Matthew J. Marcath, Shaun D. Clarke, Brian M. Wieger, Enrico Padovani, Edward W. Larsen, Sara A. Pozzi
Nuclear Science and Engineering | Volume 181 | Number 1 | September 2015 | Pages 72-81
Technical Paper | dx.doi.org/10.13182/NSE14-89
Articles are hosted by Taylor and Francis Online.
Monte Carlo particle transport codes used to model detector responses are traditionally run in analog mode. However, analog simulations of cross-correlation measurements are extremely time-consuming because the probability of coincident detection is small, approximately equal to the product of the probabilities of a single detection in each detector. The new implicit correlation method described here increases the number of correlated event scores, thereby reducing variance and required computation times. The cost of the implicit correlation method is comparable to the cost of simulating single-event detection for the lowest absolute detector efficiency in the problem. The new method is especially useful in the nuclear nonproliferation and safeguards fields for simulating correlation measurements of shielded special nuclear material.

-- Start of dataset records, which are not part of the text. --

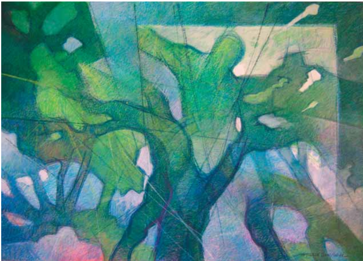
Metamorfosi nel bosco, 2000-2011 Tecnica mista su carta intelata, 100x140 cm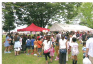
共募 自治会活動への助成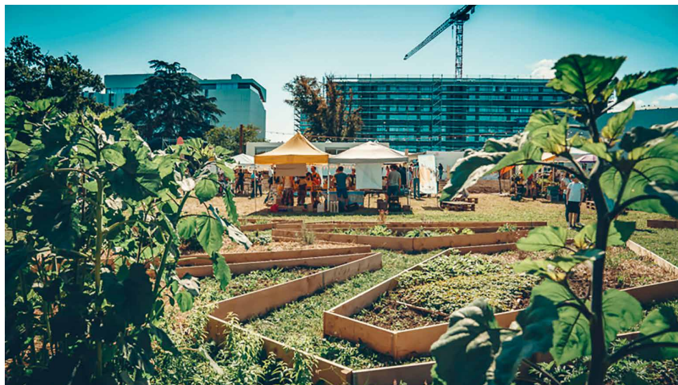
Le canton de Genève utilise la digitalisation notamment pour favoriser des projets durables, comme ici au Jardin des Nations.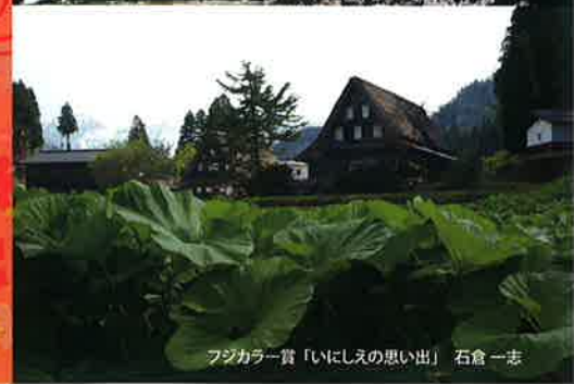
フジカラー賞「いにしへの思い出」 石倉 一志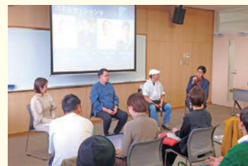
ローカルスタートアップサミット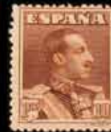
216 - 90 €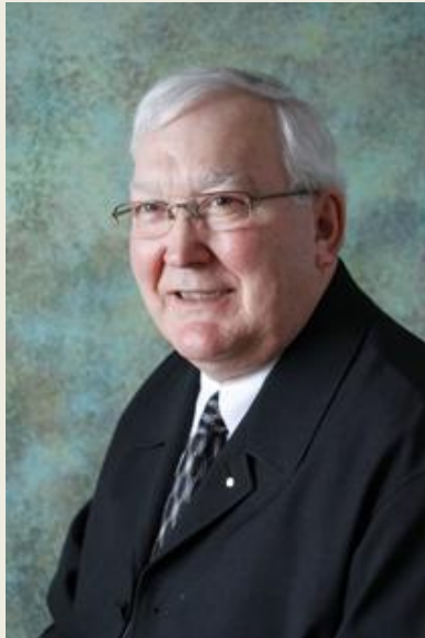
Gracieuseté de Blondin Lagacé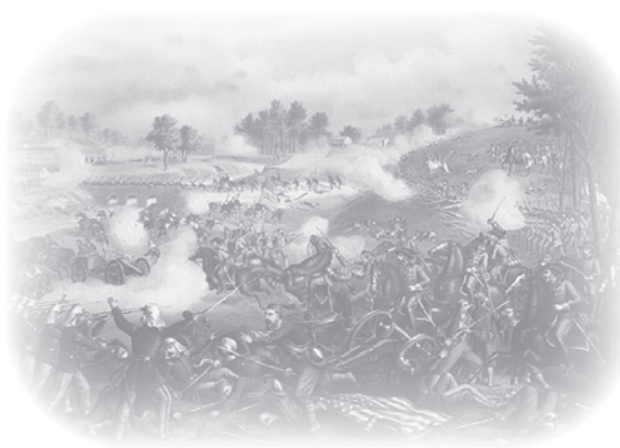
The Battle of Bull Run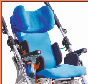
STABILO- siedzisko, oparcie, zagłówek -można zamawiać oddzielnie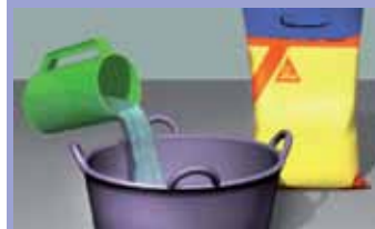
Sipati vodu u posudu za mešanje na 1 kg praha: ~ 0,25 l vode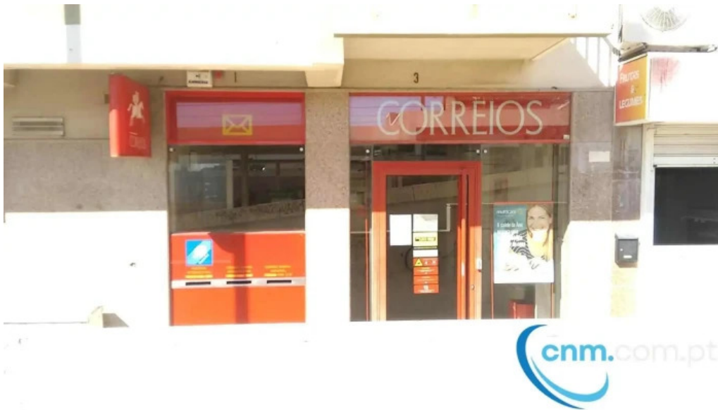
Loja ctt exterior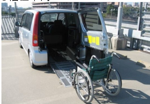
●ムーヴ(スロープタイプ)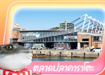
ตลาดปลาอาราโตะ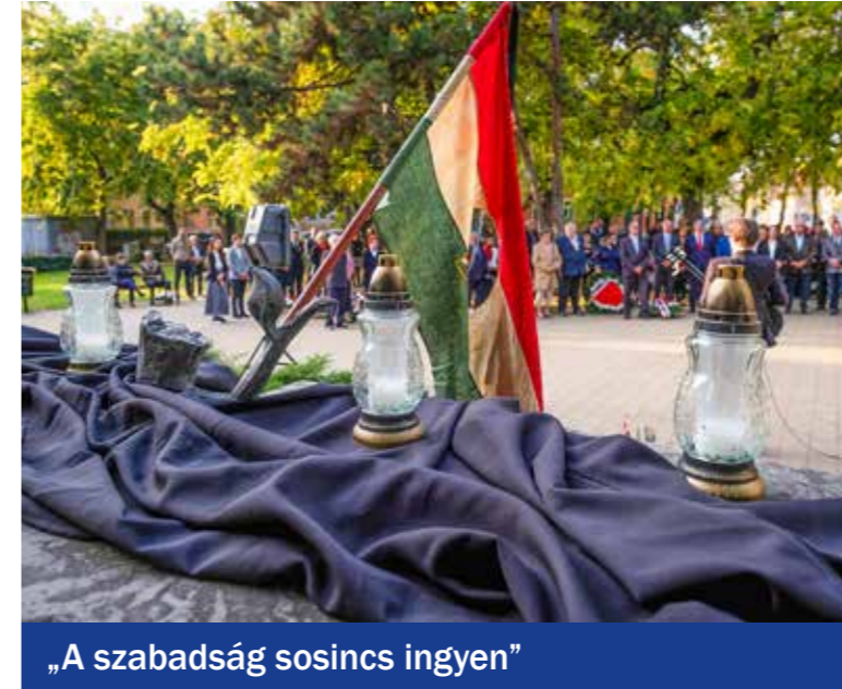
„A szabadság sosincs ingyen”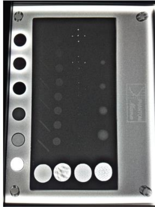
Figura 2: Padrão de imagem radiográfica ideal obtida com ferramenta específica de uma clínica localizada no DS Barra Rio Vermelho. Não há artefatos nesse padrão de imagem. Nesse caso, o padrão atendeu às normas sanitárias.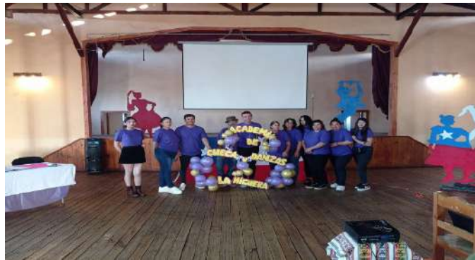
Constitución Academia de Cueca y Danzas La Higuera, pasión y tradición Cultural, 13 de diciembre de 2023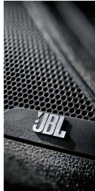
JBL프리미엄사운드(8스피커, 외장앰프 포함)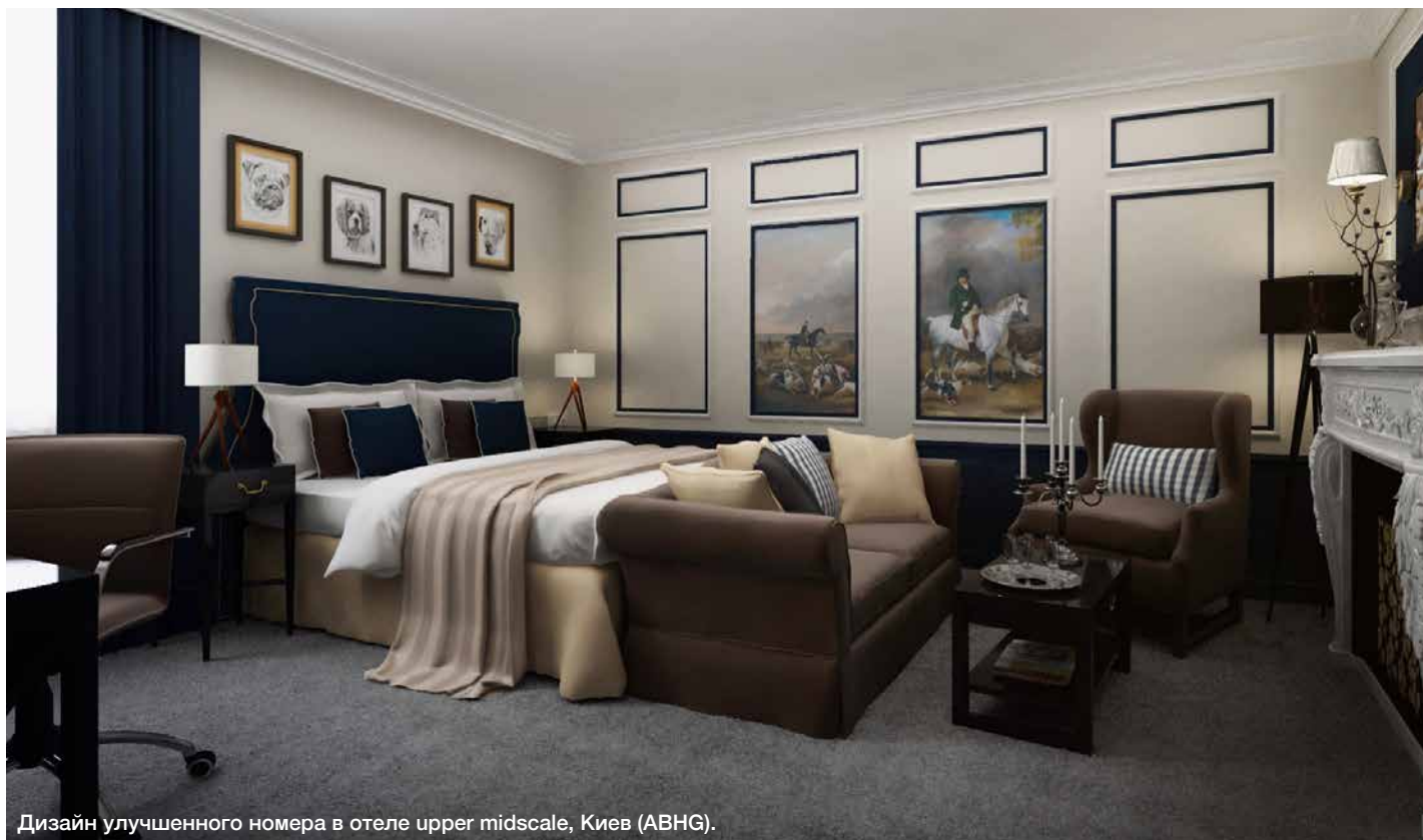
Дизайн улучшенного номера в отеле upper midscale, Киев (ABHG).

Проектирование и дизайн vs дизайн и проектирование. С чего начать?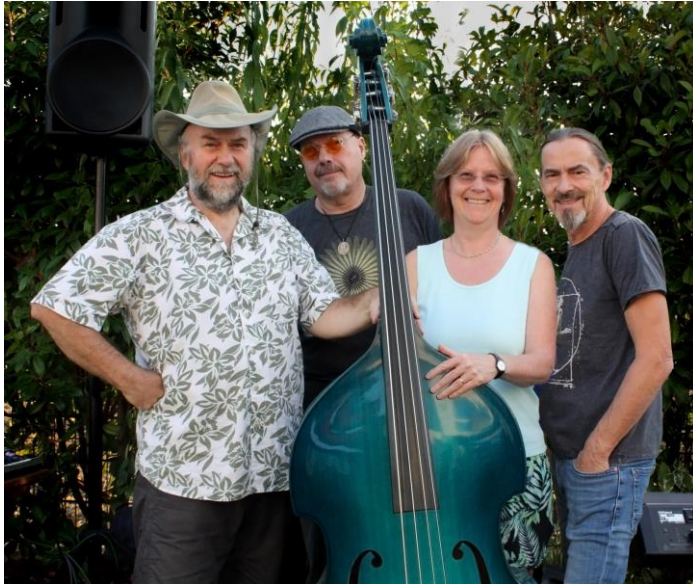
Die Band „Toms & Jerries“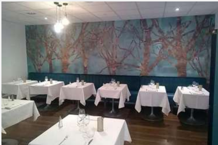
Hôtel Les Remparts Rochefort Restaurant 200c. + rénovation 69 chambres

The new method was implemented in MCNPX-PoliMi for neutron-neutron cross-correlations with a 252Cf spontaneous fission source measured by 14 detectors at various angles. The method demonstrated good agreement with analog simulation and reference measurement results. Small differences between nonanalog and analog cross-correlation distributions are attributed to discretization errors that are often not present in practical applications. Improvement in the figure of merit was greater than a factor of 100 in all tested cases.